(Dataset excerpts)
"""

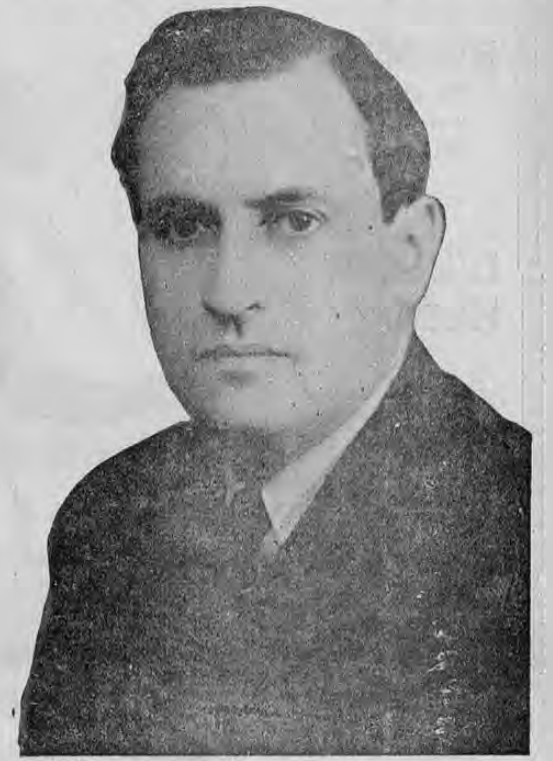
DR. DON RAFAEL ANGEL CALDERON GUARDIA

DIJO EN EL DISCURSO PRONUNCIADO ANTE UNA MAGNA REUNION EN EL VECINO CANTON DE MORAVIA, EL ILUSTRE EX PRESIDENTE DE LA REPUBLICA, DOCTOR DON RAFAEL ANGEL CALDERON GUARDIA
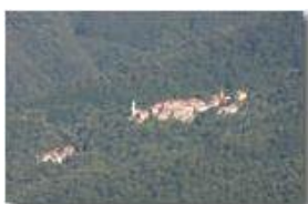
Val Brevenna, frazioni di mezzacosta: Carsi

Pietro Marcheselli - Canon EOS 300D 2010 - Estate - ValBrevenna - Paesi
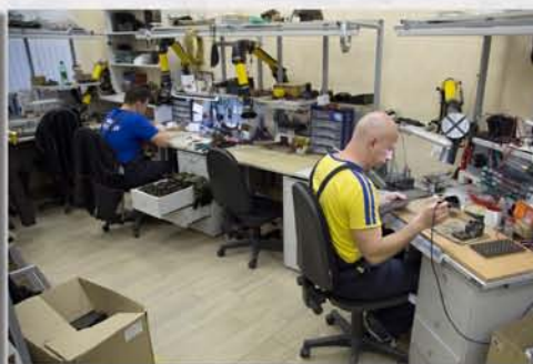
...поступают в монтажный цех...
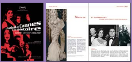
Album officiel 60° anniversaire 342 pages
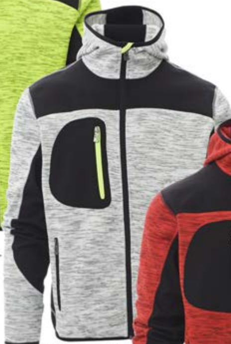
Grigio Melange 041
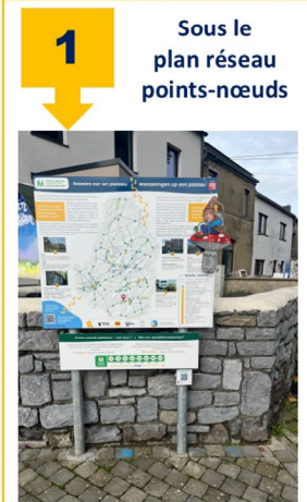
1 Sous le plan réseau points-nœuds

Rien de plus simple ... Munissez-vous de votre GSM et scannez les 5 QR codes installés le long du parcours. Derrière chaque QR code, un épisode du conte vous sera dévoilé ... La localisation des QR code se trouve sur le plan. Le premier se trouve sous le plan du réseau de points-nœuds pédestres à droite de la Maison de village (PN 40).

"""

◆ Problem to work on ◆
Every entry above should be duplicated exactly. Do not include the images.

◆ Solved problem ◆
DR. DON RAFAEL ANGEL CALDERON GUARDIA

DIJO EN EL DISCURSO PRONUNCIADO ANTE UNA MAGNA REUNION EN EL VECINO CANTON DE MORAVIA, EL ILUSTRE EX PRESIDENTE DE LA REPUBLICA, DOCTOR DON RAFAEL ANGEL CALDERON GUARDIA
Val Brevenna, frazioni di mezzacosta: Carsi

Pietro Marcheselli - Canon EOS 300D 2010 - Estate - ValBrevenna - Paesi
...поступают в монтажный цех...
Album officiel 60° anniversaire 342 pages
Grigio Melange 041
1 Sous le plan réseau points-nœuds

Rien de plus simple ... Munissez-vous de votre GSM et scannez les 5 QR codes installés le long du parcours. Derrière chaque QR code, un épisode du conte vous sera dévoilé ... La localisation des QR code se trouve sur le plan. Le premier se trouve sous le plan du réseau de points-nœuds pédestres à droite de la Maison de village (PN 40).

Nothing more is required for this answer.